- Exercise
Copy the lines below, word for word, from the first through the line containing "IMRELAX Gig Bar". Leave the pictures out.

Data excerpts
+---+

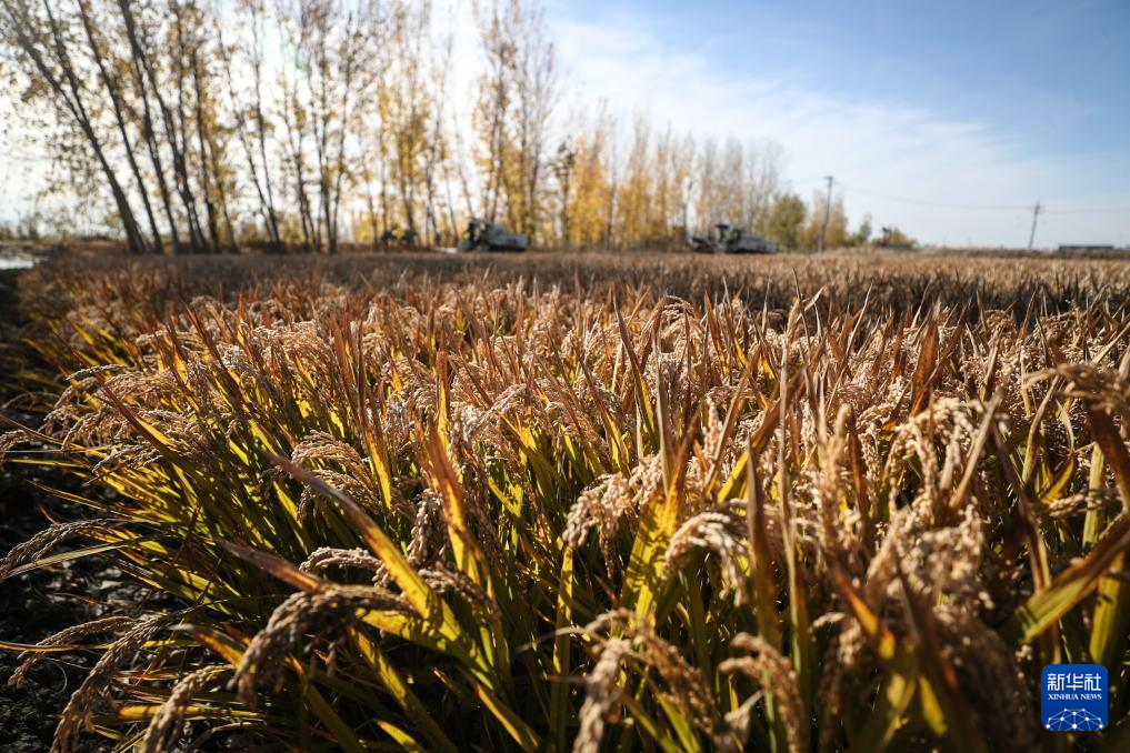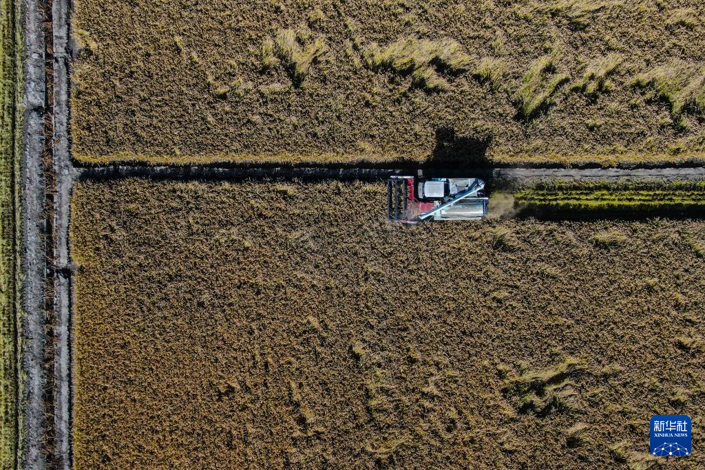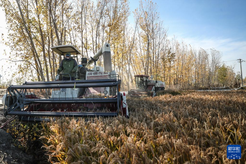 11月3日,农户驾驶农业机械在盘锦市大洼区王家街道兴海村收割水稻。新华社记者 潘昱龙 摄
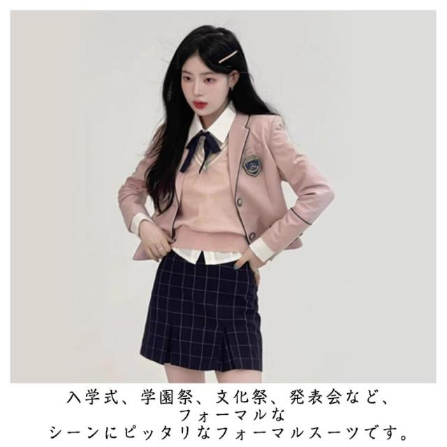 卒業式 スーツ 女の子 ジュニア上下セット 制服 ブレザー スクール制服 スーツ 韓国 制服 制服 学生服 高校生 女子高校生 セットアップ シャツ 女子高校生 フォーマルスーツ セット 5点セット 長袖 スカートスーツ リボン 卒業式 送料無料 カジュアル
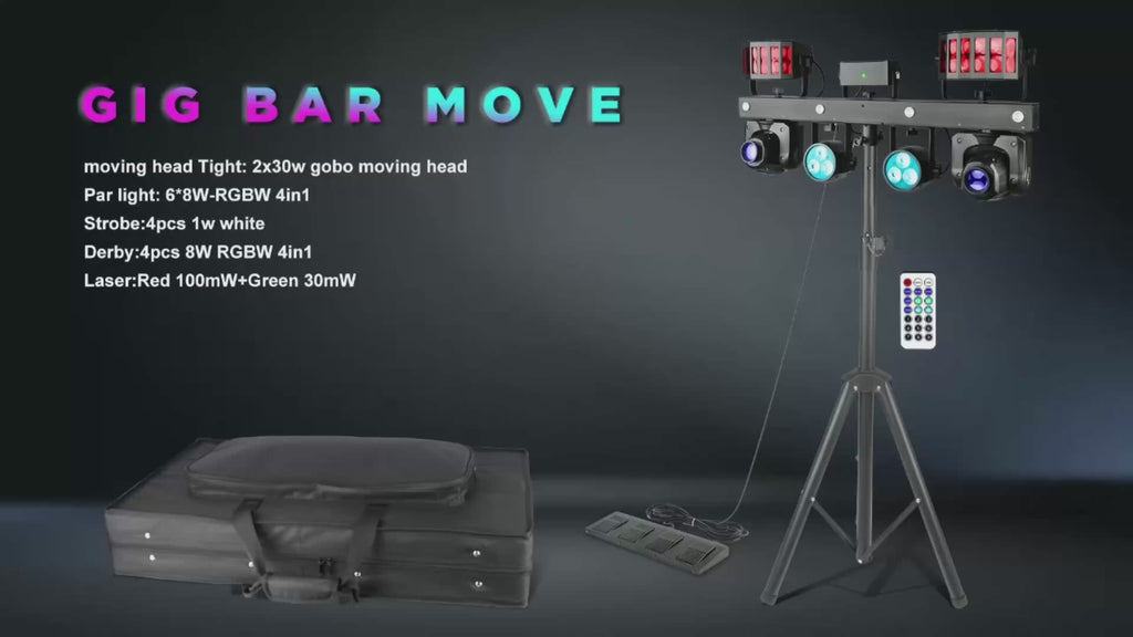 IMRELAX Gig Bar Move Kit with Moving Heads Derbies Wash Par Lights Laser Strobe Lights Stand Sound Activated DMX Wireless Control DJ's Setup
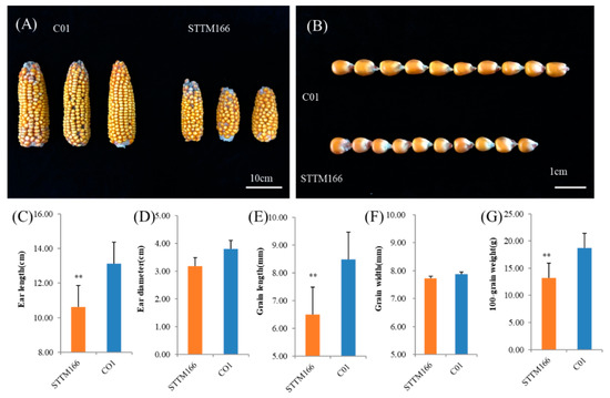 Among the screened STTM166 plants, phenotypes of leaf curling and developmental phase change exhibited significant variance (Figure 2A–C). These STTM166 plants with strong leaf curling (STTM166-S) always display severe developmental phase transition delaying. Those STTM166 plants with moderate leaf curling (STTM166-M) exhibited weak alteration in developmental phase transition. It is implied that these two developmental processes are likely controlled by the same genetic pathway. Similar to the Rld1 plants, the moderate and strong phenotypic STTM166 plants grew an abaxial ligule [35]. Strikingly, the STTM166-S plants developed a brittle leaf blade base, which may result in abnormal leaf abscission (Figure 2C). Moreover, STTM166 plants showed shorter plant height, later flowering time, and smaller tassel size in comparison with the C01 plants (Figure 2D–G). The reduced plant height and postponed flowering time are probably coincident with developmental transition delaying. The small tassel size of STTM166 plants hinted that miR166 is possibly involved in tassel development. Upon the yield-related traits, STTM166 plants showed small ears and grains (Figure 3). Compared with C01, the ears and grains of STTM166 were relatively shorter, and the 100-grain weight was relatively lighter. Furthermore, the ears of STTM166 plants displayed ambiguous ear rows. However, there were no significant differences in the ear diameter and grain width between STTM166 and C01. These results revealed that miR166 confers maize ear and grain development in a novel manner.
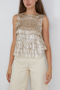 The Ulla Johnson Quinn Layered Sleeveless Top features the unique details you love from this designer. This sleeveless top has a playful, ruffled bodice in plisse satin. Wear yours with the matching skirt and heels. - Sleeveless top - Layered ruffles - Straight silhouette - Plisse satin - 100% Polyester
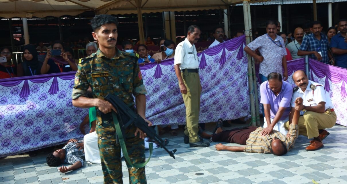 സ്ഫോടനം പോലെയുണ്ടാകുന്ന അപകടങ്ങളിലെ രക്ഷാപ്രവര്ത്തനവും പ്രശ്നബാധിത പ്രദേശങ്ങളില് നിന്നും ജനങ്ങളെ സുരക്ഷിത സ്ഥാനങ്ങളിലേക്ക് മാറ്റുന്നതുമായിരുന്നു ഗുരുവായൂര് അമ്പല പരിസരത്ത് മോക്ഡ്രില്ലായി അവതരിപ്പിച്ചത്. അപകടമുണ്ടാകുമ്പോള് റാപിഡ് റെസ്പോണ്സ് ആന്ഡ് റെസ്ക്യൂ ഫോഴ്സ്, അഗ്നിരക്ഷാസേന, പോലീസ്, ആരോഗ്യവകുപ്പ് എന്നിവരുടെ സുരക്ഷാ ക്രമീകരണങ്ങളും മോക്ഡ്രില്ലിലൂടെ അവതരിപ്പിച്ചു.
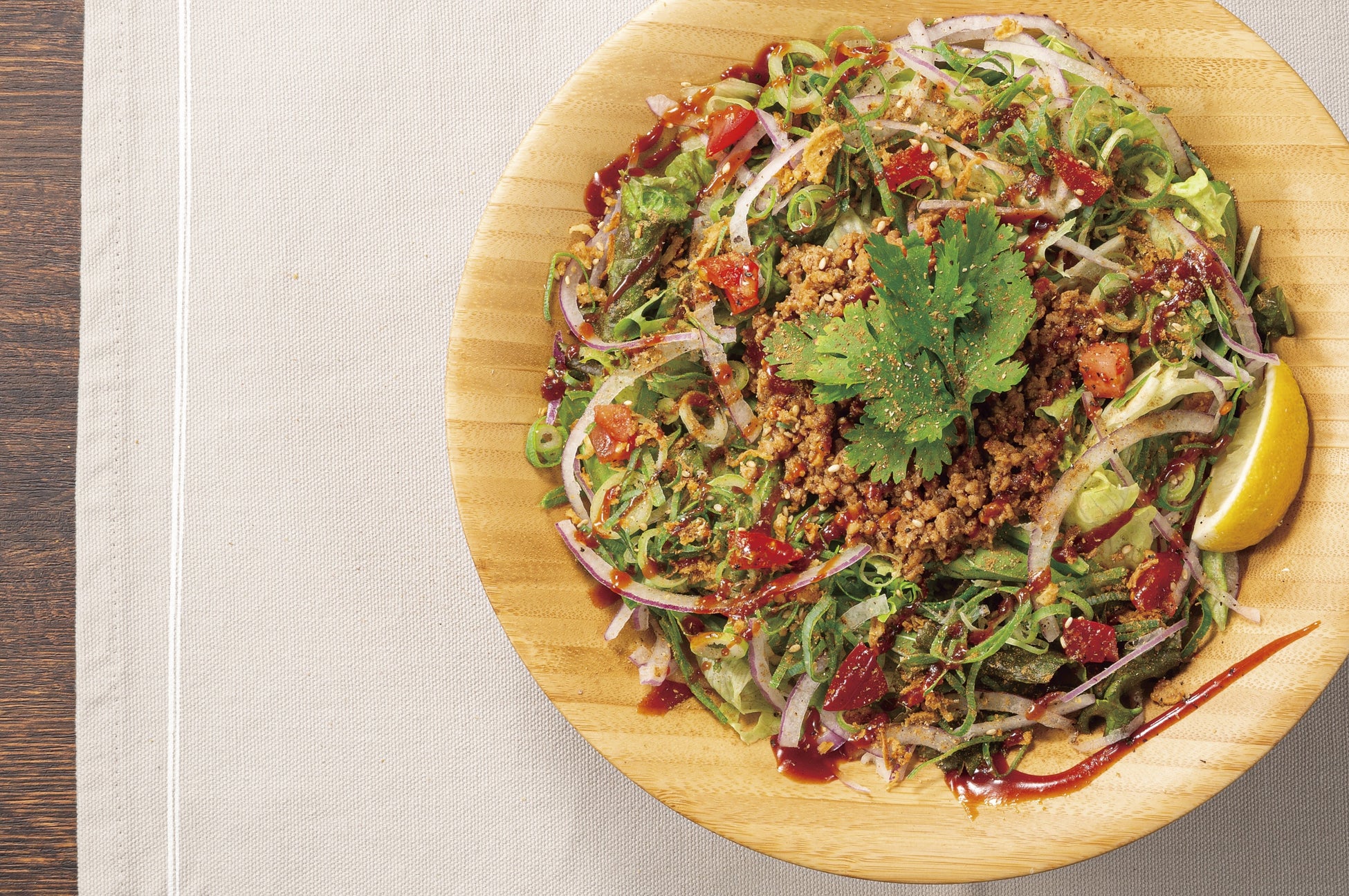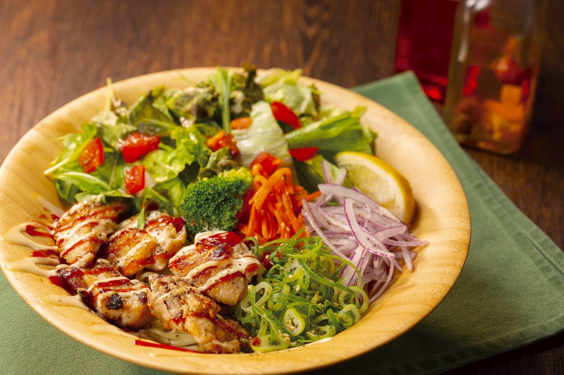カロテンやビタミンC、ミネラルが豊富な緑黄色野菜を中心に6~9種類のフレッシュな野菜を全商品ふんだんに盛り込みます。豊富な種類の野菜は栄養バランスがとれることは勿論、味や食感の違いを楽しむことができ、更にこれを秘伝のタレが絡んだアツアツの麺と混ぜて食べ進めると次第に麺に馴染み、染み出た野菜の旨味がタレと絡み合って奥深い味わいへと変化していきます。
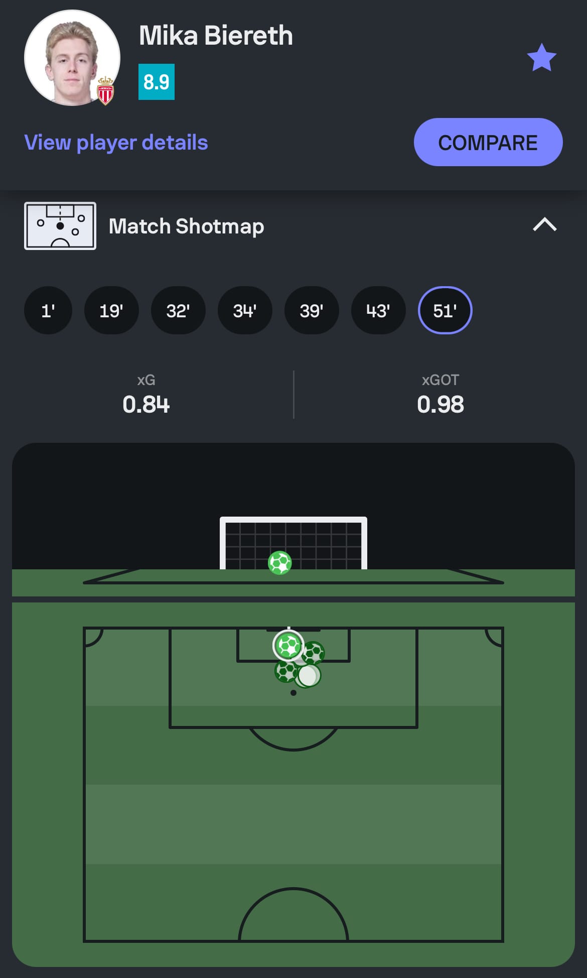 To confirm: there SEVEN shots in that image - that’s also how many passes he completed. As I highlighted in SCOUTED Stats, these seven shots generated a Non-Penalty Expected Goals total of 3.0. Since the start of the 2017/18 season, only six players have generated 3+ NPxG in a single Big Five League game. The only player to do so at a younger age than Biereth is a 20-year-old Kylian Mbappé at PSG. This is premium Goal-Hanger territory.
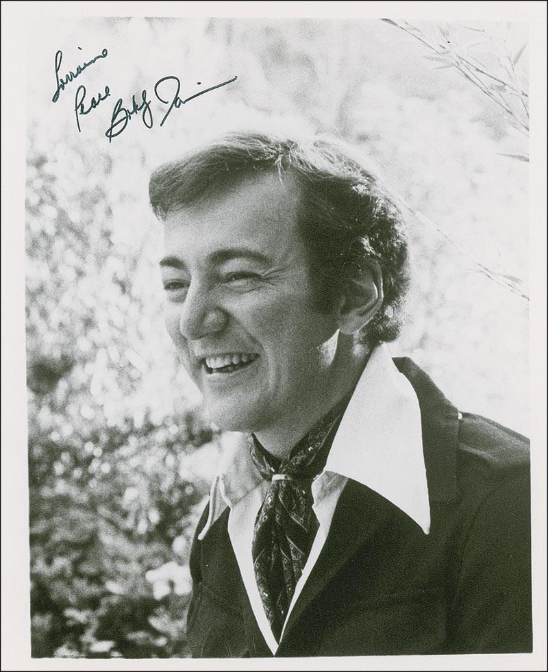 Versatile and popular American performer (1936–1973) who died at the age of 37 from complications following surgery for a faulty heart valve. Matte-finish 8 x 10 photo, signed and inscribed in black felt tip “Lorraine, Peace, Bobby Darin.” In very fine condition.
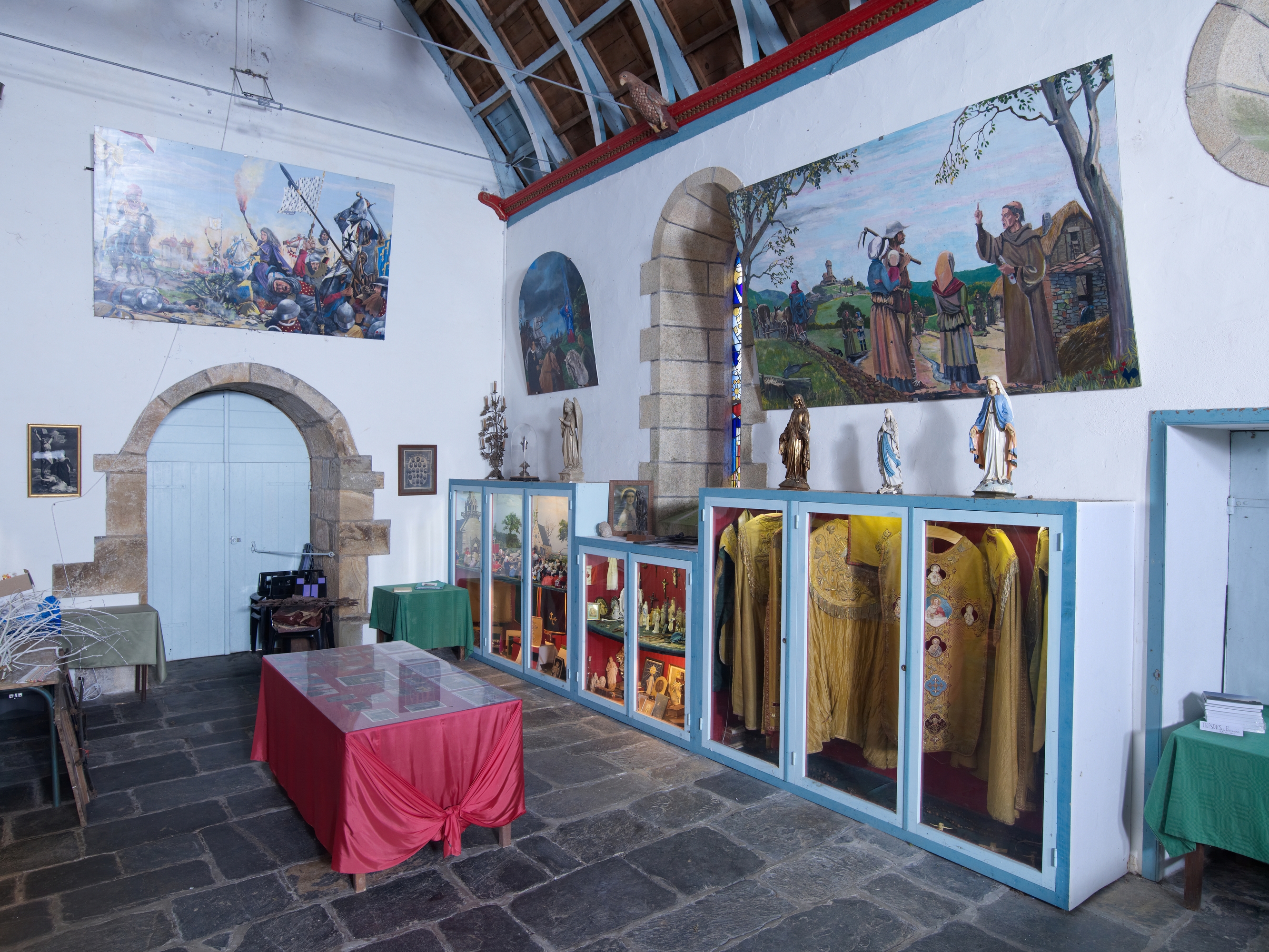 Chapelle Saint-Compars : vitrines de présentation du mobilier et des vêtements liturgiques.Immatriculation
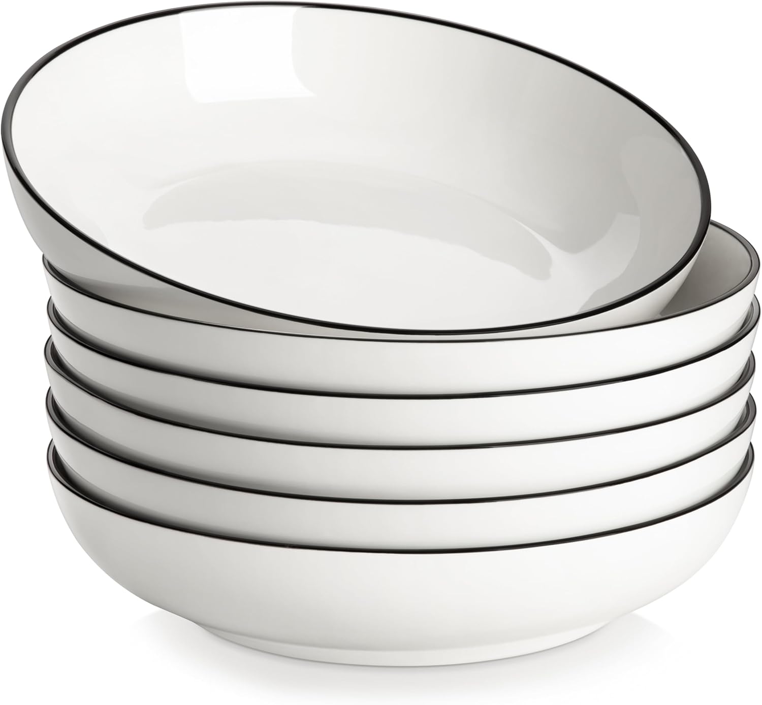 MALACASA 8.85" Large Pasta Bowls, 42 OZ White Salad Bowls Soup Bowls, Porcelain Serving Bowls Set of 6, Ivory White with Black Rim, Microwave & Dishwasher Safe, Series REGULAR
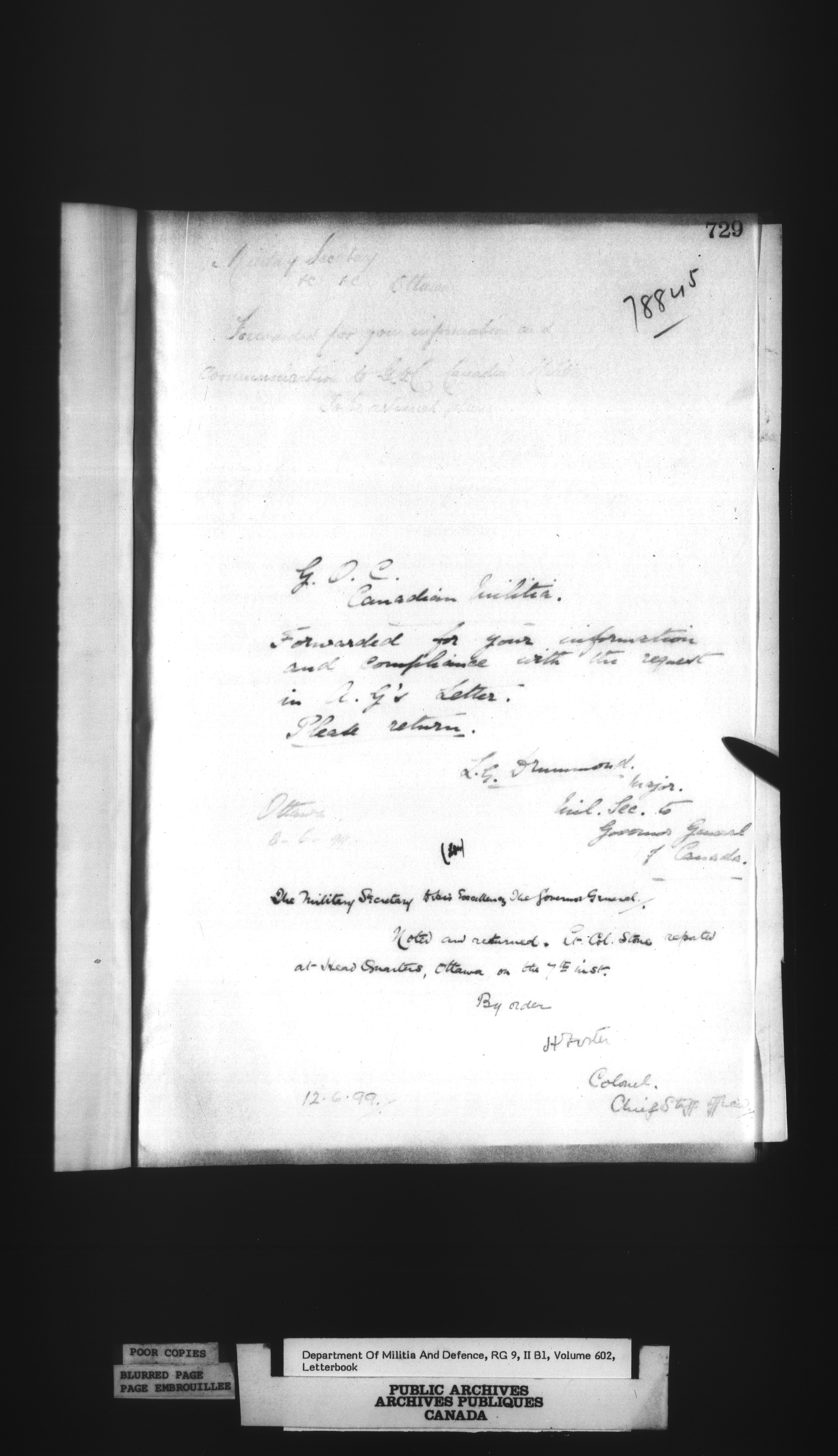 Correspondence of the General Officer Commanding (GOC) of the Canadian Militia and his predecessor, the Adjutant General - 344

+---+

- Answer to this problem
 11月3日,农户驾驶农业机械在盘锦市大洼区王家街道兴海村收割水稻。新华社记者 潘昱龙 摄
 卒業式 スーツ 女の子 ジュニア上下セット 制服 ブレザー スクール制服 スーツ 韓国 制服 制服 学生服 高校生 女子高校生 セットアップ シャツ 女子高校生 フォーマルスーツ セット 5点セット 長袖 スカートスーツ リボン 卒業式 送料無料 カジュアル
 IMRELAX Gig Bar Move Kit with Moving Heads Derbies Wash Par Lights Laser Strobe Lights Stand Sound Activated DMX Wireless Control DJ's Setup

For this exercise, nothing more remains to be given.